Notice the \(A \) and \(a\) were not combined as like terms. This is because a formula will often use a capital letter and lower-case letter to represent different variables. Often with formulas there is more than one way to solve for a variable. The next example solves the same problem in a slightly different manner. After clearing the denominator, we divide by \(a\) to move it to the other side, rather than distributing.

Example 1.5.10.

\begin{align*} a =\frac{A}{ 2 – b} \amp \quad \text{ Solving for $b$. Use LCD $=(2 - b) $ as a group } \\ (2 - b)a =\frac{ (2 - b)A}{ 2 - b} \amp\quad \text{ Multiply each term by }(2-b) \\ (2 - b)a = A \amp\quad \text{ Reduce $ (2 -b)$ with denominator } \\ \frac{(2 - b)a}{a} =\frac{ A}{a} \amp \quad \text{ Divide both sides by } a \\ 2 - b = \frac{A}{ a} \amp\quad \text{Focus on the positive } 2 \\ -2 \qquad - 2 \amp\quad \text{ Subtract $ 2 $ from both sides } \\ - b =\frac{ A}{ a} - 2 \amp \quad \text{ Still need to clear the negative } \\ ( -1)( - b)= ( -1)\frac{A}{ a} - 2( - 1) \amp\quad \text{ Multiply (or divide) each term by } -1 \\ b =- \frac {A}{ a} + 2 \amp\quad \text{ Our Solution } \end{align*}

Both answers to the last two examples are correct, they are just written in a different form because we solved them in different ways.
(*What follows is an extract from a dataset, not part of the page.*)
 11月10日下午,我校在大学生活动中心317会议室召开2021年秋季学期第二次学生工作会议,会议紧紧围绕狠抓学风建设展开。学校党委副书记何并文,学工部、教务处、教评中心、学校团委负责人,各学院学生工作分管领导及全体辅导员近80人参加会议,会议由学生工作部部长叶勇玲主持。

This is very common with formulas, there may be more than one way to solve for a variable, yet both are equivalent and correct.
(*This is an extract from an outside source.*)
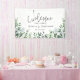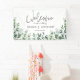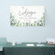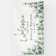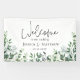 Elegant watercolored foliage of eucalyptus foliage and botanical branches and leaves in shades of sage, green and dusty blue. Beautiful rustic wedding banner with custom names and wedding date. Easily add the names of your bride and groom and their wedding day. See our collection for more gorgeous products with this design. Rustic Watercolor Foliage Wedding Banner.

World View Note: The father of algebra, Persian mathematician Muhammad ibn Musa Khwarizmi, introduced the fundamental idea of blancing by subtracting the same term to the other side of the equation. He called this process al-jabr which later became the world algebra.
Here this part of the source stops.